Exercises for program assignment during interview

1. General points
2. basic skills

1 General points

1.1 basic skills about programming

To get the offer, one has to have robust programming skills including comprehension of programming language, data structure and common algorithms.

1.2 high quality code

robust code, detection of point, boundary of variables

1.3 analyze problem, improve the algorithm (time and space)

1.4 communication skill

1.5 conclusion

I read the book for interview. As short term goal, I focus on the programming skills and robust code.

2 basic skills

2.1 language

The employer usually use C/C++ as the target language during the interview programming assignment. C/C++ is complex, I summarize the cases I read from the book below.

construct function.
- the construct function can receive an object of its own type. One have to declare the object as const reference to avoid the recurrence construction because the C++ will copy the object when the argument is a variable instead of reference of variable. In this case, the copy operation will invoke the constructor again, which leads to the recurrence construction.
= operator
- the return value should be reference of its own, which is *this.
- input argument is declared as reference. *In fact, the reference is always preferable is there is not other constraint, because pass variable will cost a copy operation.
- detect if the input argument is itself.
- release memory before allocating new. Optional: lock.
singleton
- private constructor, static instance. better to initialize the instance during declaration.
boundary problem in while loop of arrays using pointer.

2.2 data structure

this is a review of what I learned 6 years ago, which concerns the array, character chain, list, tree, pipe, etc.

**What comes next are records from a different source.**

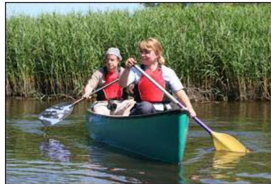
Wildlife on the water and canoeing through the reeds.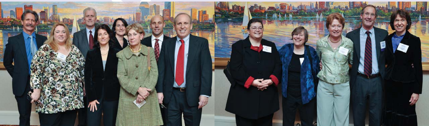
MITSS Board of Directors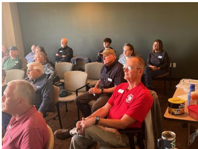
The attendees are enjoying the chapter gathering.

difference between array and pointer in C/C++. the pointer can point to the address of array, however, it is not an array, which contain the size information. In addition, the array argument is actually a pointer. That means, when you pass an array to a function and invoke sizeof() to the argument inside the function, you will not get the length of array. So the length of array is an obligated parameter for C/C++ to travel an array.
array algorithms
- search ordered array
character chain
- pay attention to the size of character array since the last character is '\0'
- replace character should begin from the end to avoid repeatedly moving the characters.
- character chain in character array is not constant, while assign character chain to pointer will assign a constant. Hence, character array will allocate new memory while character pointer will assign to the same memory.
List
- pointer of pointer permit the function to modify the head of list
- detect if the pointer to head is NULL or the pointer to the pointer to head is NULL
- pay attention to the head when implementing the list operation.
- do not forget to release the memory during the deletion of list element. Assign NULL to the pointer that point to the deleted memory.
- use std::stack to avoid recursive function since too many recursive level will crash the program.
Tree
- binary tree, massive pointer operation
  - reconstruct binary from two array, which are generated from the binary tree using specific order.
stack (first in, end out)
- use two stacks to implement pipe.
  Initialize stack1, stake2.
  append: new to stack1
  get: if stack2 is empty, move stack1 to stack2, get from stack2
  draw graph to analyze the problem
pipe (first in, first out)
- use two pipes to implement stack.
  Initialize pipe1, pipe2.
  append: if pipe1.size()==0: add to pipe1; else add to pipe2
  get: move elements from non-empty pipe to empty pipe, but return the last one.
conclusion
- pay attention to the size of the container, not enough or too small including empty and unity.
- pay attention to the pointer of current node and the pointer of next since both of them can be NULL.

2.3 algorithm

the common algorithms include ordering and search with common data structures.

sorting of array

quick sorting

select a number, then put smaller number to left and larger numbers to right.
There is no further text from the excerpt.